- new tag caches:
- as 2020 ended, I attempted but failed to tune fast search for all kinds of clients, big and small and simple and complex. unable to guarantee decent speeds with just code, I have redesigned the tag text search cache. rather than checking the gigantic master table for all namespace and subtag lookups, the client can now zoom in on a small fast cache limited to the current search context, so doing a clever lookup on 'my tags' will no longer be hampered by having PTR beside it, and doing a solid lookup on the PTR or 'all known tags' will no longer be accidentally hampered by an optimisation for another situation
- the 424 update will take some time to generate the new caches for your existing data. if you don't sync with the PTR, it should be a few seconds. if you do sync, it will be about ten minutes on an SSD (seems about 30,000 definitions a second), and somewhat longer on an HDD. it will count up the tags as it goes, and on the PTR there will be a bit of deletion work, then one or two counts up to perhaps a million, and then one big count up to about 16 million.

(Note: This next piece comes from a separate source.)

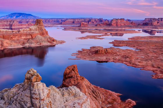 alstrom point of glen canyon has a fantastic view of lake powell with reflections. It is extremely hard to access as the dirt road is full of rocks.

- in my initial tests, this cache adds about 1-2% additional processing time to mass tag changes, but a wide variety of tag lookups and file searches are now significantly faster, have much nicer worst-case lag spikes, and should cancel quicker. these are best in any specific tag domain, although 'all known tags' should still be much better. a future expansion of the tag cache is planned to finally address clean and accurate 'all known tags' searches
- summary; all these should be faster and cancel faster:
- autocomplete searches for 'subtag*' (most normal searches) are optimised
- autocomplete searches for 'namespace:*' are optimised, including when the namespace itself is a wildcard
- autocomplete searches for wildcards with an asterisk in the middle of the subtag are optimised
- autocomplete searches for wildcards with an asterisk at the beginning of the subtag are optimised (but this is still generally the slowest query)
- autocomplete searches for namespace and subtag wildcard combinations are optimised, with either or both as a wildcard of any type
- autocomplete searches for '*' are optimised
- tag file searches without a namespace (i.e. in file search, with any namespace) are optimised
- namespace file searches are optimised, including when the namespace is a wildcard
- wildcard file searches are optimised, for all the classes of wildcard above
- 'tag as number' file searches are optimised
- 'has ><= x namespace tags' file searches are optimised for speed, including when the namespace is a wildcard, but still have bad cancelability on large domains. I'll work on this more
- .
- other tag cache info:
- the 'tag text search cache' regeneration routine under the database->regenerate menu is replaced with a service specific routine for the new cache
- on boot, if the client sees any of the new cache tables are missing, it notifies you and regenerates the affected subsection of the cache
- an old method of performing complex wildcard searches was using surplus data and has been eliminated. these searches are now also computationally cheaper beyond the other domain-based optimisations this week
- I have identified the next bottleneck in the tag search pipeline and have a plan to speed all the above up even further, which can all be done in code
- thanks to user feedback, I have also identified other wasteful overhead in tag processing. I'll keep working!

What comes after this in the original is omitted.